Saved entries
• • •

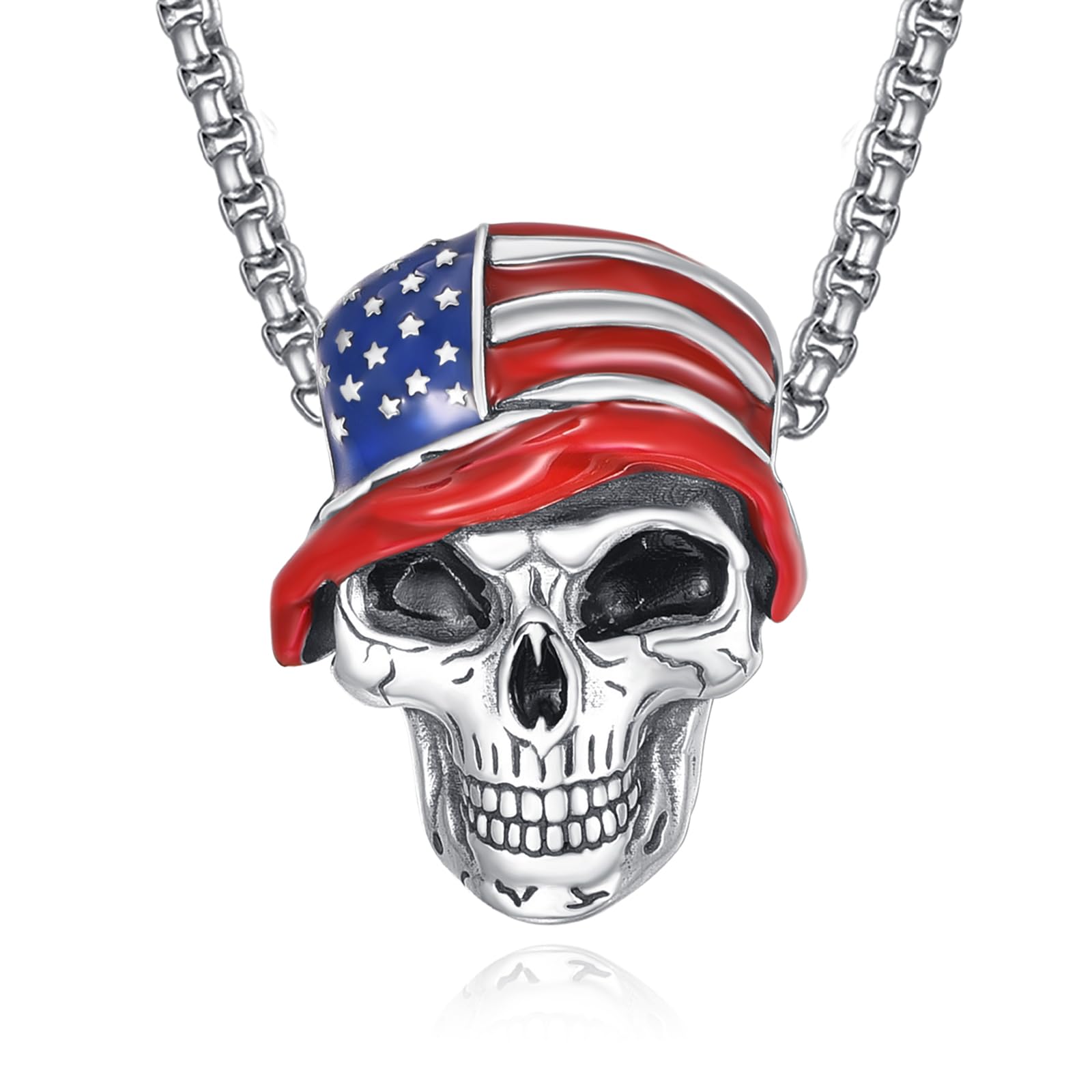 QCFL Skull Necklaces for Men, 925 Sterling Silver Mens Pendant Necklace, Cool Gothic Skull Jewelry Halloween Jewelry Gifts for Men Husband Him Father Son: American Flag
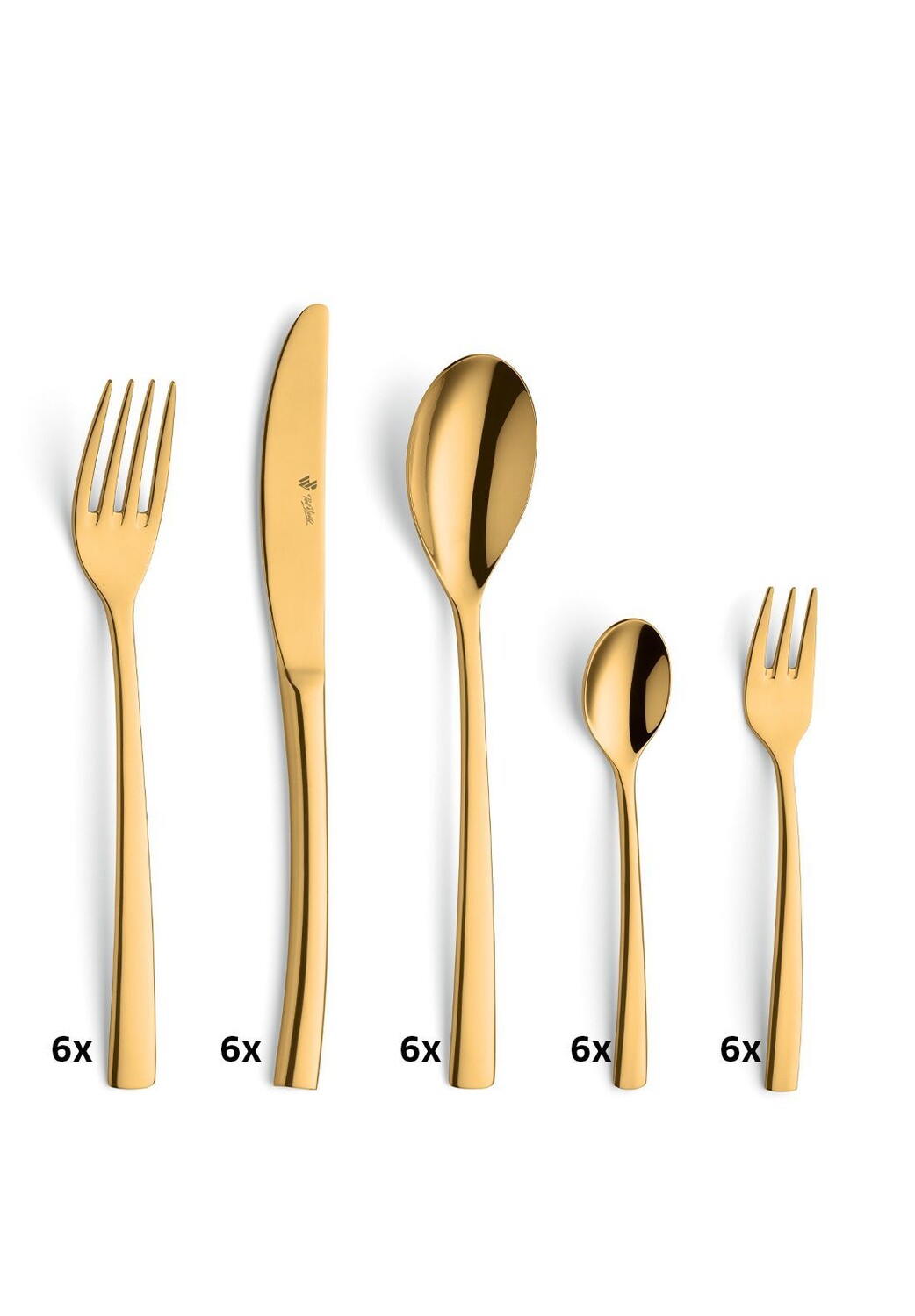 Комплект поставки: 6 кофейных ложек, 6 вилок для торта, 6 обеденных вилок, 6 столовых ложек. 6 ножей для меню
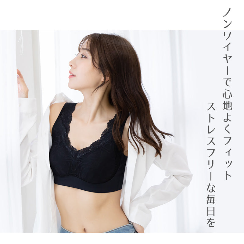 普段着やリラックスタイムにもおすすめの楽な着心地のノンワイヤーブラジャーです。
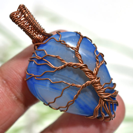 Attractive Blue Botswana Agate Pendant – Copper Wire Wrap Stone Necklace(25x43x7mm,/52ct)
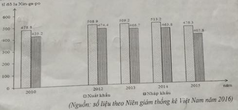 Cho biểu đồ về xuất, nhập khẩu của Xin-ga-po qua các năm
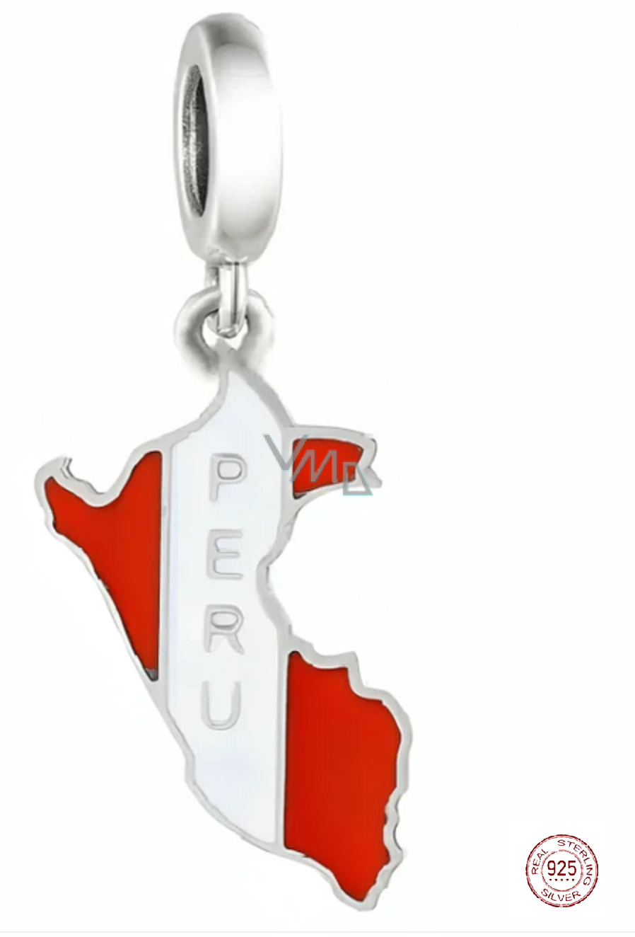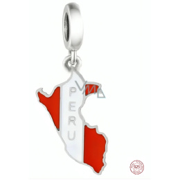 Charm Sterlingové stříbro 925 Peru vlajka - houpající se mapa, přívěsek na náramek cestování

• • •

*Exercise instructions*.
Would you return the records exactly, keeping out every picture?

*Output for this task*.
 QCFL Skull Necklaces for Men, 925 Sterling Silver Mens Pendant Necklace, Cool Gothic Skull Jewelry Halloween Jewelry Gifts for Men Husband Him Father Son: American Flag
 Комплект поставки: 6 кофейных ложек, 6 вилок для торта, 6 обеденных вилок, 6 столовых ложек. 6 ножей для меню
 普段着やリラックスタイムにもおすすめの楽な着心地のノンワイヤーブラジャーです。
 Attractive Blue Botswana Agate Pendant – Copper Wire Wrap Stone Necklace(25x43x7mm,/52ct)
 Cho biểu đồ về xuất, nhập khẩu của Xin-ga-po qua các năm
 Charm Sterlingové stříbro 925 Peru vlajka - houpající se mapa, přívěsek na náramek cestování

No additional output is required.